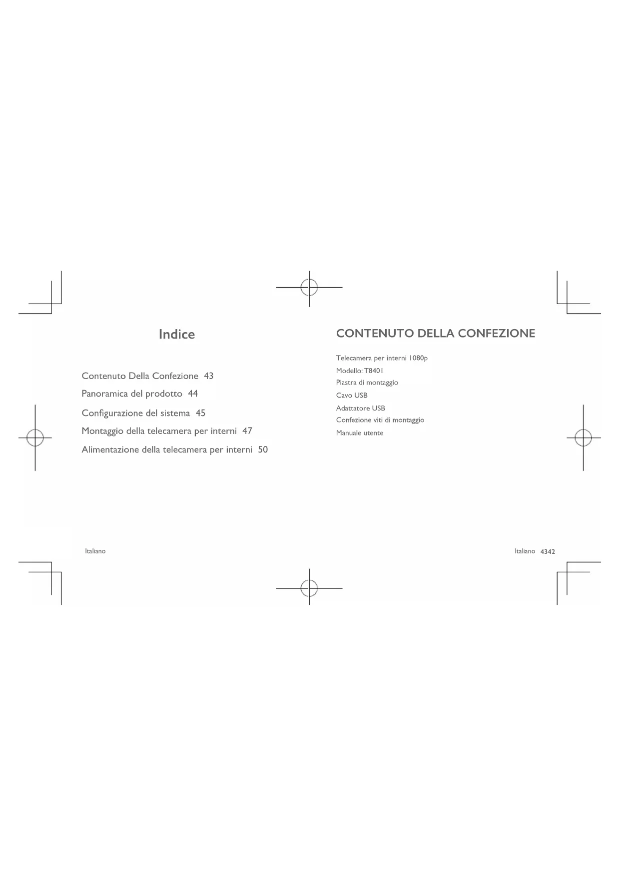 Italiano Indice Contenuto Della Confezione 43 Panoramica del prodotto 44 Congurazione del sistema 45 Montaggio della telecamera per interni 47 Alimentazione della telecamera per interni 50
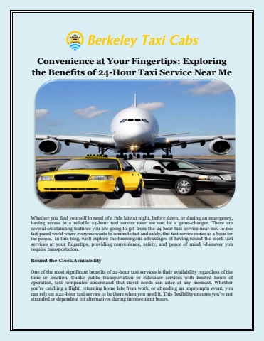 Convenience at Your Fingertips Exploring the Benefits of 24-Hour Taxi Service Near Me
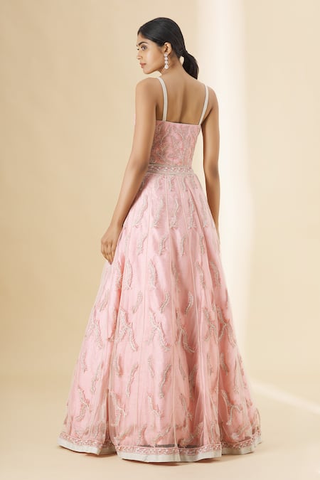 Pink Silk, Net Sequins, Embroidery Sweetheart Neck Lehenga Set

§ §

EXERCISE OBJECTIVE>
From the first line to the last, write out the data exactly, dropping any pictures.

PROBLEM SOLUTION>
 Italiano Indice Contenuto Della Confezione 43 Panoramica del prodotto 44 Congurazione del sistema 45 Montaggio della telecamera per interni 47 Alimentazione della telecamera per interni 50
 Convenience at Your Fingertips Exploring the Benefits of 24-Hour Taxi Service Near Me
 Pink Silk, Net Sequins, Embroidery Sweetheart Neck Lehenga Set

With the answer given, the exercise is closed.